Why do we need improved mobility technology?
© Boninger and Cowan; licensee BioMed Central Ltd. 2012
Received: 22 September 2011
Accepted: 30 March 2012
Published: 30 March 2012
The National Science Foundation (NSF) in collaboration with the World Technology Evaluation Center (WTEC) decided to make inclusion of scientists with disabilities a priority when selecting the investigators for a trip investigating research conducted in Europe on mobility technology for people with disabilities. The trip was rigorous with groups visiting multiple labs and multiple countries often in a single day. A typical day began with a 7 or 8 am checkout, a cab ride to the first location, followed by cabs to two or three more locations, all the while toting luggage. After the daily tours were complete, yet another cab ride to the airport or train station, travel to a new city, cab to the hotel, check in, hunt down dinner, and with any luck, in bed by 11 pm. This was the pattern for five days, a taxing schedule for any individual, disabled or not. The rigorous travel and obstacles encountered further emphasized the need for this study. The purpose of this paper is to highlight the obstacles our group faced during our travels as concrete example of how mobility limitations can impede participation.
Imagine you want to take a vacation to Europe, you will visit great cities and eat wonderful food. Not hard to picture. The image is fun, unencumbered by worries of transportation, accessibility, and discrimination. Okay maybe there are some worries, but you have done this before. Now imagine you have a disability that requires you to use a wheelchair.

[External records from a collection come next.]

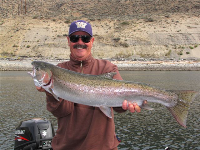 This fish was taken near Crab Creek below Wanapum Dam. Shown here is Shane Magnuson and his client Kevin.
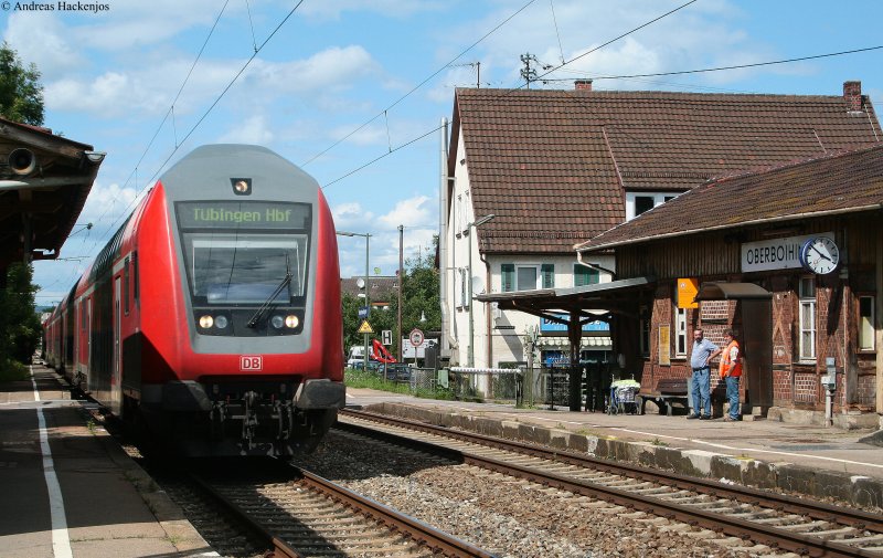 RE 22035 (Stuttgart Hbf-Tübingen Hbf) mit schublok 143 315-0 bei der Durchfahrt Oberboihingen 25.7.09
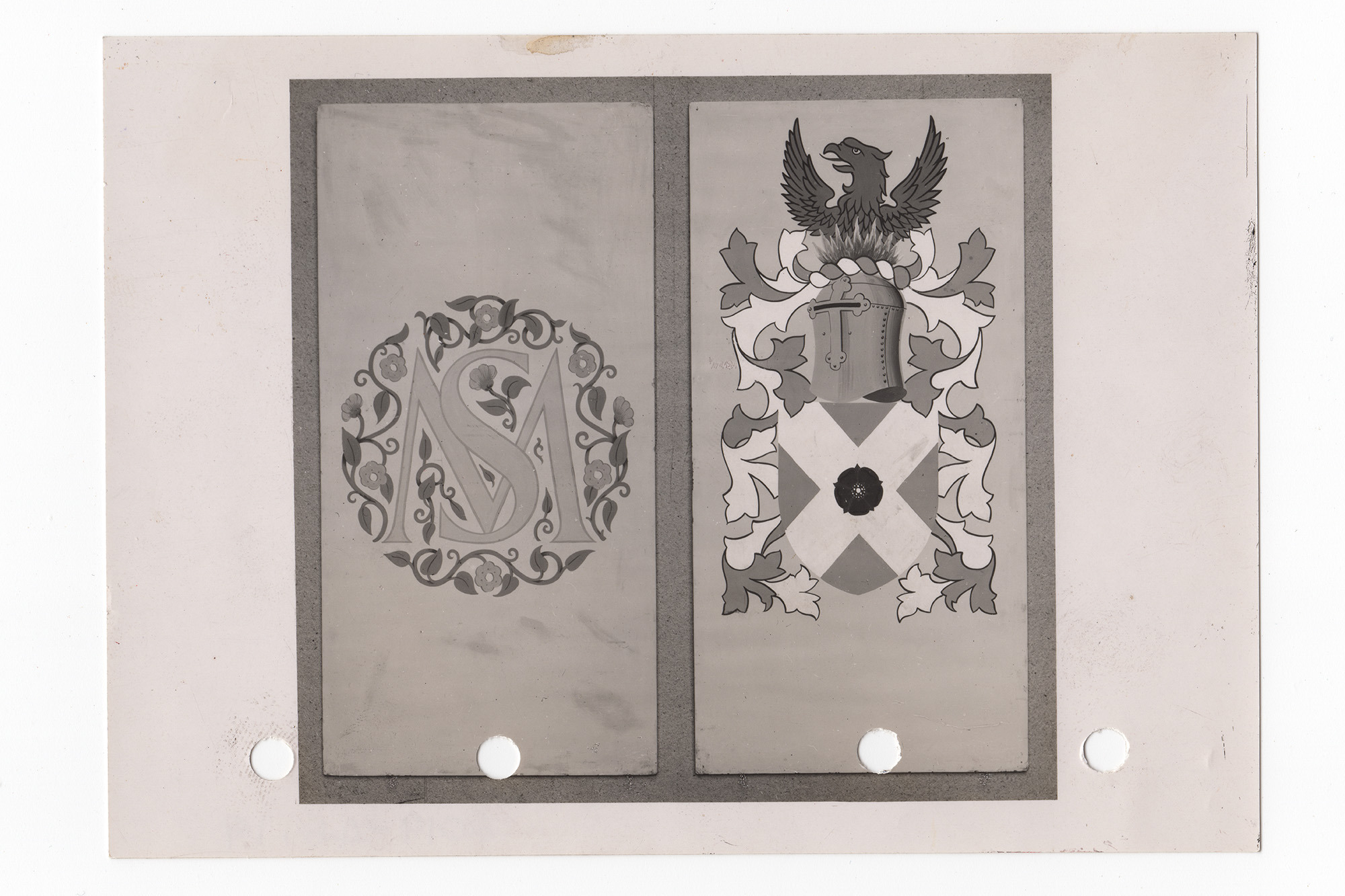 Black and white photograph 15.2cmx10.8cm of two crests. One circular with S overlaying M in the centre and surrounded by leaves and flowers. The second showing a shield with a diagonal white cross and rose in the centre, topped by a helment ad a bird. Leaf decoration runs down the sides of this crest. Four holes have been punched along the bottom of the print. The printed image on the paper is 10cmx9.6cm

You will be the first person on each flight and last person off, adding an hour to the trips you plan to take by plane. Maybe it is not so bad hanging out in an airport, they have shopping now, right? Not for you, you will be segregated; forced to wait in special holding areas. When you do get to leave the holding area, it will not be to the local coffees shop in the terminal, you will be the first person on the plane; there when they are still cleaning up from the last flight. Why do you have to be early? Because you have to be loaded onto a very narrow chair and dragged down the aisle in order to get to your seat. You'd be blocking traffic if you loaded at the same time as everyone else. If you are lucky, there is a jet way or mechanical lift to get you to the aircraft door. If you are unlucky, you get the added fun of being dragged up the stairs. Have a seat, relax, they have just taken your wheelchair; placed it on the tarmac and will load it into the belly of the plane after the luggage goes in (you hope). If they lose that piece of valuable luggage you are stranded. I hope you went to the restroom before you got on, and didn't drink much fluid all day, because you can't walk to the restroom, they took your wheelchair (which wouldn't fit down the aisle anyway). The extra transfers, four just to get on a plane, are starting to wear on your shoulders. One person must accompany you for this odyssey, you can't travel alone. Have more than one friend, too bad, someone gets to hang out in the terminal alone.
The trains allow the avoidance of security, but at least with security there is someone to help. The train station is a different story. You book on a train that is listed as being accessible. It is not. You don't know this until the train arrives and you are faced with two choices, miss the train and figure out a different way to get to the next town, or be physically lifted onto the train, about 5 steps. When you get on the train, putting your luggage up is impossible on your own. Again traveling alone is not recommended. So you bring a friend, who is just there to help you get on the train, not to travel. Unfortunately, while trying to get you situated, the train starts to move; he is stuck on the train and has to pay for a round trip fare to a location he did not want to visit. At least you have him for the other scary part, trying to get off.
Oh the Places You Won't Go
The other small matter from the trip is all the places you can't see - the wonderfully inaccessible churches, bars, restaurants, and research labs. Yes, research labs meant to study ways to improve the lives of individuals with disabilities. The planned walk across campus that is nearly impossible because of uneven pavement or steep hills, to a building where you have to go in the back door because it is the only entrance with a ramp. It has been a long day, the hotel room calls you. An accessible room? Perhaps. Then there is you night time routine, which takes longer than your non-disabled peers. Your day, already lengthened by the extra time at the airport, just got a bit longer. All the time, the one constant is the need to ask others for help.
Everything discussed above happened on our trip every day. Many other inconveniences, scary moments, and inaccessible locations are not included. Could we have avoided this with great planning? Some of it, but not most. This is not the fault of the person with a disability. His or her ability to travel as freely as the rest of the group is restricted because society has not taken the steps to ensure equal access. Without the kindness of strangers and friends, the trip would not have been possible and many of the obstacles could not have been surmounted.
Now imagine that the goals of all the researchers we met have been achieved. Movement, the way you interact with the environment, is not restricted. Either technology has allowed for further healing, you have technology that replaces the function you have lost, or society has removed the barriers. Either way it's a great trip.